“Katalin Kariko, Nobel Ödülü’nü hak ediyor”… Bu sözler Covid-19 aşını geliştiren Moderna laboratuvarının kurucu ortağı profesör Derrick Rossi’ye ait.
euronews: Macar asıllı biyokimyacı Katalin Kariko‘nun çalışmaları olmasaydı, Pfizer-BioNTech ve Moderna’nın Covid-19’a karşı geliştirdikleri mRNA bazlı aşılarının bu kadar hızlı çıkması mümkün olmayacaktı.
Ancak Kariko’nun haberci RNA (mRNA) teknolojisinin tıpta gelecek vadeden bir yöntem olduğu kabul ettirmesi bir hayli zaman aldı. Akademik camiada tanınmayan ve marjinalleştirilen Katalin Kariko, çalışmalarının Covid-19 aşısına öncülük etmesini “inanılmaz” olarak niteliyor.
1985’te Macaristan’dan ABD’ye göç eden Kariko, uzun yıllardır Amerikalı bilim insanı Drew Weismann ile RNA kaynaklı tedavi yöntemleri üzerine çalıştı.
Çalışmalarım nedeniyle üniversite beni terfi etmedi
Biyokimyacı Kariko, haberci RNA’nın, felçten sonra beyin dokusunu iyileştirme gibi birçok hastalıkların tedavisinde kilit bir rol oynayabileceğine inanıyordu.
Kariko 1990’larda mRNA üzerine yaptığı çalışmalar için finansman başvurusunda bulundu, ancak kaynak bulunmazken, bundan dolayı üniversitede hiçbir zaman terfi edilmediğini açıkladı.
65 yaşındaki araştırmacı bu durumun, “Bilimin her zaman eşit düzeyde desteklenmediğini gösterdiğini” ifade etti.
ABD’de kalmaya devam edebilmek için Kariko, profesör statüsü alamasa da alt pozisyonlarda mRNA üzerine çalışmalarını devam ettirdi.
Covid-19 aşısının arkasındaki iki buluş
Kariko’nun Weismann ile yayınladıkları iki araştırmanın, bugün geliştirilen aşılarda önemli bir rolleri oldu.

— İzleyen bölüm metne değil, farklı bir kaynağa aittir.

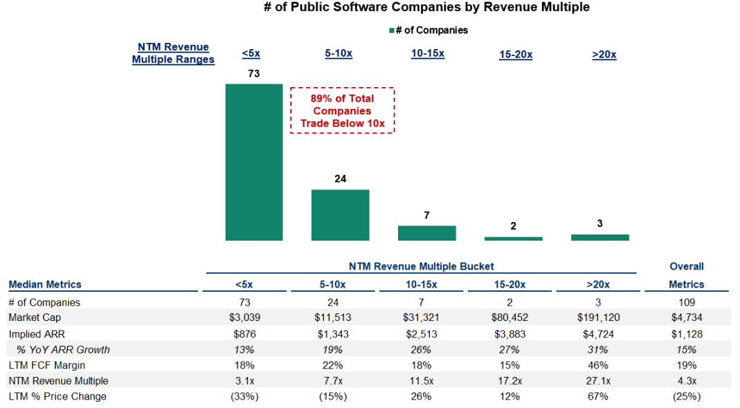 Görüş: Halka açık yazılım şirketlerinin mevcut değerleme çarpanları içler acısı. 100'den fazla şirketin %89'u, gelecek 12 aylık gelirlerinin 10 katından daha düşük bir değerlemeyle işlem görüyor; sadece 3 şirket 20 katı aşıyor. Çoğu şirket durgun gelir artışı yaşıyor ve ortalama yıllık yinelenen gelir (ARR) büyümesi sadece %15 seviyesinde olup, Anthropic gibi yapay zeka girişimlerinin çok gerisinde kalıyor. Yapay zeka bazı bütçelerin yerini alabilirken, asıl sorun bu değil. Gerçek sorun, çoğu SaaS sağlayıcısının müşterilerin ödemeye razı olacağı yapay zeka ürünleri geliştirmemiş olmasıdır. Yenilik yapamazlarsa ve yapay zekanın etkisini gösteremezlerse, bu geleneksel şirketler düşük büyüme, düşük değerlemeler ve kademeli düşüş yaşamaya devam edeceklerdir. Şimdi, yapay zeka dönüşümleri için kritik bir dönem.

2005’de yayınladıkları çalışmada, bilim insanları, mRNA’nın yapısında yavaş yavaş küçük değişiklikler yaparak onu bağışıklık sistemi için daha kabul edilebilir hale getirmeyi başardılar.
2015’te de mRNA’larının çok hızlı parçalanmalarını önleyen ve hücrelere girişlerini kolaylaştıran bir kaplama olan “lipit nanopartiküllerine” yerleştirmeyi başararak önemli bir adım attılar.
Bugün dünyayı kurtarması beklenen iki aşı, koronavirüse benzer bir proteinin üretimini tetiklemek ve bir bağışıklık tepkisi ortaya çıkarmak için vücuda genetik talimatlar verme stratejisine dayanıyor.
Bu işlerin göçmen bir kadın tarafından yapılamayacağını düşündüler’
Kariko artık Uğur Şahin’in CEO’su olduğu BioNTech’te önemli bir pozisyonda çalışıyor. Ancak Kariko, yabancı bir kadın olması nedeniyle bu süreçte birçok zorluklarla karşılaştığını anlattı.
Kadın olması nedeniyle bazen ciddiye alınmadığını belirten Kariko, “Bazı konferansların sonunda uzmanlar bana gelerek, ‘yetkili nerede?’ diye soruyordu. İngilizceyi aksanlı konuşan bir kadının bu işleri başarmasını mümkün görmüyorlardı, hep arkasında ‘daha zeki biri olmalı’ diye düşündüler” ifadelerini kullandı.
Şimdiyse uzmanlar Kariko’nun ciddi şekilde Nobel’e aday olabileceğini ifade ediyor.